The Eisenstein series $\mathbb{G}_2$ is given by $$\mathbb{G}_2(z) = -\frac{1}{24} + \sum_{n=1}^\infty \sigma_1(n) q^n$$ with $q=e^{2\pi i z}$ and $$\sigma_1(n):=\sum_{d\mid n} d$$ for $n\in\mathbb N$. That's why some authors define $\sigma_1(0):=-\frac{1}{24}$, since then $\mathbb{G}_2(z)$ reads as $$\mathbb{G}_2(z) = \sum_{n=0}^\infty \sigma_1(n) q^n.$$
As you may already know the sum of all natural numbers is $-\frac{1}{12}$.
If we apply our definition of $\sigma_1(n)$ to $n=0$ we get $$\sigma_1(0)=\sum_{d\mid 0} d = \sum_{d=1}^\infty d=-\frac{1}{12}.$$ So in this case the definition of $\sum_{d=1}^\infty d=-\frac{1}{12}$ is inappropriate by a factor of two (we'd rather have $-\frac{1}{24}$ here).
In math I'm used to the principle that everything goes well together. Here it doesn't. Do you have explanations for that? Can this issue be fixed somehow?

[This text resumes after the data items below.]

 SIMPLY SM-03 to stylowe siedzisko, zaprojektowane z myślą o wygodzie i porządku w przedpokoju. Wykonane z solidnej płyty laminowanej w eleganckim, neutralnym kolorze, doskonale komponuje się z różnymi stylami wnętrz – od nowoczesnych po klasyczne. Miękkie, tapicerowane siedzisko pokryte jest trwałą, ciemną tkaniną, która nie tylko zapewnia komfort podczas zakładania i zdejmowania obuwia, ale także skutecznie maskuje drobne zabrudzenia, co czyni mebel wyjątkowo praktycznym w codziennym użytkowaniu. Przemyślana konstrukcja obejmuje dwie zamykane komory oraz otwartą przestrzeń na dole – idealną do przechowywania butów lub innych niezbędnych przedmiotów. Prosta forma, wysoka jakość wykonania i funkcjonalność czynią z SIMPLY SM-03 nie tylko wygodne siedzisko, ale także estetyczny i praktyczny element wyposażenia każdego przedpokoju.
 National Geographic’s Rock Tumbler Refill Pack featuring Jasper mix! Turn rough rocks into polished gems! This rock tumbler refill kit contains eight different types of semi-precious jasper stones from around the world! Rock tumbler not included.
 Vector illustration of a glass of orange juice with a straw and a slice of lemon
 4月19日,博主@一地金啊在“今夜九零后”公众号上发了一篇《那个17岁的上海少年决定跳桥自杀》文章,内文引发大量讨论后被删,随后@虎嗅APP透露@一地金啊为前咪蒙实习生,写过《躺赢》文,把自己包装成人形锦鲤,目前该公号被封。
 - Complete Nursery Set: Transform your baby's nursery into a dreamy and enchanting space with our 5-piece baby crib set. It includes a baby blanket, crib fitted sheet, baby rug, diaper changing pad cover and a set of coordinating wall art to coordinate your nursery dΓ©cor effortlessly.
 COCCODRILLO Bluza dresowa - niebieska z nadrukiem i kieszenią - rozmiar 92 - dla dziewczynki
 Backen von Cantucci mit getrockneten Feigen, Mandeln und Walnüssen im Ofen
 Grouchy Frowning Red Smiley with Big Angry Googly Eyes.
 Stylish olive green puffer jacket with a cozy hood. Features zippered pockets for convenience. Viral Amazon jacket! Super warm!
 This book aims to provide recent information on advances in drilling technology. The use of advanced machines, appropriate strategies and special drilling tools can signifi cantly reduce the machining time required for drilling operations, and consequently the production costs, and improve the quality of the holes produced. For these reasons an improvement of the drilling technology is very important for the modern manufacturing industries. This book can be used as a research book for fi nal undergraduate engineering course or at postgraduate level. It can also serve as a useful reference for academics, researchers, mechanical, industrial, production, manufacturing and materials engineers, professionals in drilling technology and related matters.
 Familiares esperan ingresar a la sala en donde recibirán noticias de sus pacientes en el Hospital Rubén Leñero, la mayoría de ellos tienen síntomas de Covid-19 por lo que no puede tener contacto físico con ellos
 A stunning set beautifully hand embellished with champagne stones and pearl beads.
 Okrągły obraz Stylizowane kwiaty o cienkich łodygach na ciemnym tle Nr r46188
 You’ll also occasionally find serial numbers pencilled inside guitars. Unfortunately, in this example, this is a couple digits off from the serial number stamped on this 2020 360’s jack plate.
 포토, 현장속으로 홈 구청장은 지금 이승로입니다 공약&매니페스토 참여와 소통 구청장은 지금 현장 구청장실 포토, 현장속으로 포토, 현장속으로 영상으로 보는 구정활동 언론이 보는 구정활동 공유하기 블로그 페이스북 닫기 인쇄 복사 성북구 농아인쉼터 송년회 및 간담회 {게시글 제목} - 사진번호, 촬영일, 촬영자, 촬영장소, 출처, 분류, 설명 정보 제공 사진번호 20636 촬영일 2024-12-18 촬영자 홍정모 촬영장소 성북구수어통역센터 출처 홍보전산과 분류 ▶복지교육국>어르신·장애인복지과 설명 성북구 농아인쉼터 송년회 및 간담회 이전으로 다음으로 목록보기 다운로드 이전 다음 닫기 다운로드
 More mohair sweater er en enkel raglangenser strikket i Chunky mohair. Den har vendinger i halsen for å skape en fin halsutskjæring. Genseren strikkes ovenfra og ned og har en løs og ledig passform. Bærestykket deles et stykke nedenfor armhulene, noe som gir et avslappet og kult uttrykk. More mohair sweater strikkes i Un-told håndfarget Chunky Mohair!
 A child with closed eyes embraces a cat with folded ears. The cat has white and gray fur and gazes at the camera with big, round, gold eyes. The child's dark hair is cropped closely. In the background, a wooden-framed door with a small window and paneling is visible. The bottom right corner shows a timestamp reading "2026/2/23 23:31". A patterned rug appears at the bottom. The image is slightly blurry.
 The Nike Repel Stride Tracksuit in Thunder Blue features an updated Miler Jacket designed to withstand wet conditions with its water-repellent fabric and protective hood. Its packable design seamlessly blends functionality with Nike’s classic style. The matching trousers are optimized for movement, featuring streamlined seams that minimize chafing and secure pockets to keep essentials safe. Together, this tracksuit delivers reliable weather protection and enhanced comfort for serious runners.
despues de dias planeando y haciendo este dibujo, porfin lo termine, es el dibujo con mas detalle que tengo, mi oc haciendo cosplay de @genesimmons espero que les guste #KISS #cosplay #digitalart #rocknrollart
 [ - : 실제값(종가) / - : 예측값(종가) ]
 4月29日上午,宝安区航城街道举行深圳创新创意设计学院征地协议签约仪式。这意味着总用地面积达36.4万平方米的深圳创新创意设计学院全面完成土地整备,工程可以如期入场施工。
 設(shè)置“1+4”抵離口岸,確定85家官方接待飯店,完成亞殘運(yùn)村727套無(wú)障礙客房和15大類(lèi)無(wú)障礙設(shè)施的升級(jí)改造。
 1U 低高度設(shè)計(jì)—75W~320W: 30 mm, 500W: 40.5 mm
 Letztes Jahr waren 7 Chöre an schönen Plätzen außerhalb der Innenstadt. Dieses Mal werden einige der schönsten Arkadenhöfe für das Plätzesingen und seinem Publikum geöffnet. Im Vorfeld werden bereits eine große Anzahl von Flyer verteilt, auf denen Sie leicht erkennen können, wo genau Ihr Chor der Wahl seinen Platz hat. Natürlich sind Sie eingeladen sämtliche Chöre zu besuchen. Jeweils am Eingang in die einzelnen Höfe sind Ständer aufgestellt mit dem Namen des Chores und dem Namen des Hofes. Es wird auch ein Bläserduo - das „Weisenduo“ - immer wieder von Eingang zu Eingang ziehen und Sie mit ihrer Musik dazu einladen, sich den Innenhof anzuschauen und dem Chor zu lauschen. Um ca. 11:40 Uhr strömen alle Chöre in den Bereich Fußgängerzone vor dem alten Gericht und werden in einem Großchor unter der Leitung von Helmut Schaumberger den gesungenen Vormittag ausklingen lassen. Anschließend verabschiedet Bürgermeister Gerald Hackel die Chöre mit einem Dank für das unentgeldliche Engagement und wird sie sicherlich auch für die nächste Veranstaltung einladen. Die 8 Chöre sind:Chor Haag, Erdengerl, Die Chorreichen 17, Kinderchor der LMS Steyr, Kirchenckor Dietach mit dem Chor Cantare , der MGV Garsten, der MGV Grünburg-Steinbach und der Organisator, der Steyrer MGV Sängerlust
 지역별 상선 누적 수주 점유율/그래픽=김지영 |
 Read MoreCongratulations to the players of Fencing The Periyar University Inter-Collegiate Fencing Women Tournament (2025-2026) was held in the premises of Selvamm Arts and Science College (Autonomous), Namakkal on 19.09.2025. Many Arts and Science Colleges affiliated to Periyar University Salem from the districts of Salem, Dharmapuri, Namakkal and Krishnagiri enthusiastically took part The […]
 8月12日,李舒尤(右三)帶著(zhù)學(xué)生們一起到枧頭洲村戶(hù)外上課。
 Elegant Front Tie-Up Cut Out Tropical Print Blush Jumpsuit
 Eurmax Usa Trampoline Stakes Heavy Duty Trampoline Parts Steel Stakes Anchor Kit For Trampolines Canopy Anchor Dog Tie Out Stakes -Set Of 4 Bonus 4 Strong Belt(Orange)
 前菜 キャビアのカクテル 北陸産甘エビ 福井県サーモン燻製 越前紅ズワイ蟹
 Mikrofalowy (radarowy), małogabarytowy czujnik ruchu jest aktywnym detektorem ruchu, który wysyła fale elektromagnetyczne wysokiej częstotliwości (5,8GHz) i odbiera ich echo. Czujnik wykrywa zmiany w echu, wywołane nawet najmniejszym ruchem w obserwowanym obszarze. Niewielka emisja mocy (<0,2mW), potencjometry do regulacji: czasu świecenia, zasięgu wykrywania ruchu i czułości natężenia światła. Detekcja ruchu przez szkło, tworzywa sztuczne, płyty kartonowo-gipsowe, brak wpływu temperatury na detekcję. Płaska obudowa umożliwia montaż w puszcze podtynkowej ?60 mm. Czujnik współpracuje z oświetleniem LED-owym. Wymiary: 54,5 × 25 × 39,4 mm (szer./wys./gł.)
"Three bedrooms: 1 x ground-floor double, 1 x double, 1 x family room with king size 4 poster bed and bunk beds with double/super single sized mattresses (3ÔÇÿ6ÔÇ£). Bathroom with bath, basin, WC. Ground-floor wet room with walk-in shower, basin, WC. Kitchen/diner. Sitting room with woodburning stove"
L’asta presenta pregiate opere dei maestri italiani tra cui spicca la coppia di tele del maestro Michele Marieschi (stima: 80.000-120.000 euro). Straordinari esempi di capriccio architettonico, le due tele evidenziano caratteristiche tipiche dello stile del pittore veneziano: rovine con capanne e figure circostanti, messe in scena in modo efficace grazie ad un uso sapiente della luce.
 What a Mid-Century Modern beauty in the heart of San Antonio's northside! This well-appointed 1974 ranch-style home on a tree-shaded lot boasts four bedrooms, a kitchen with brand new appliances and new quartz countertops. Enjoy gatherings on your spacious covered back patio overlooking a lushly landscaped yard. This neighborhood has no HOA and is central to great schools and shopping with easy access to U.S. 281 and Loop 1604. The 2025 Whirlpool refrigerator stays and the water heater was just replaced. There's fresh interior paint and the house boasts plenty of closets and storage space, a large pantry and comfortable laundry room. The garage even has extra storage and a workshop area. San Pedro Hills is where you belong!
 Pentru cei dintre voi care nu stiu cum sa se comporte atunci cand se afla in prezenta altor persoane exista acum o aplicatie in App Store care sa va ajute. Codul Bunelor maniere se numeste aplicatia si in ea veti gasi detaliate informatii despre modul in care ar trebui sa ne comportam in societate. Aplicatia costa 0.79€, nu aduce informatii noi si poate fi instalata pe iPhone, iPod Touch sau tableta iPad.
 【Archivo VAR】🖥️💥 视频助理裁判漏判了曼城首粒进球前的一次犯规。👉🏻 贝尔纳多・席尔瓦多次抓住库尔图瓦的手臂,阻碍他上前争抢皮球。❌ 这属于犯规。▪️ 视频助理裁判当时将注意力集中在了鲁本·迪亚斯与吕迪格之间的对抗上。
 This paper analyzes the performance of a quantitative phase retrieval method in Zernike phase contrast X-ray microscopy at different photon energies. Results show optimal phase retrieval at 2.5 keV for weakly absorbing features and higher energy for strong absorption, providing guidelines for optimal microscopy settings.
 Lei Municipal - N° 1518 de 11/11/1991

Here's the result I came up with. We re-define $\sigma_1(n)$ as: $$\sigma_1(n) := \frac{1}{2}\sum_{d|n}d+\frac{n}{d}$$ Note that this definition preserves the original function since $\frac{n}{d}$ is another divisor and we compensate for adding each divisor twice by dividing the result by 2. Now, evaluating for 0 gives: $$\sigma_1(0) = \frac{1}{2}\sum_{d|0} d+\frac{0}{d} = \frac{1}{2}\sum_{d=1}^{\infty}d = -\frac{1}{24}$$ For being in a situation where rigour is practically impossible, I think this works out alright and it does offer pleasant results. I hope you find it satisfactory.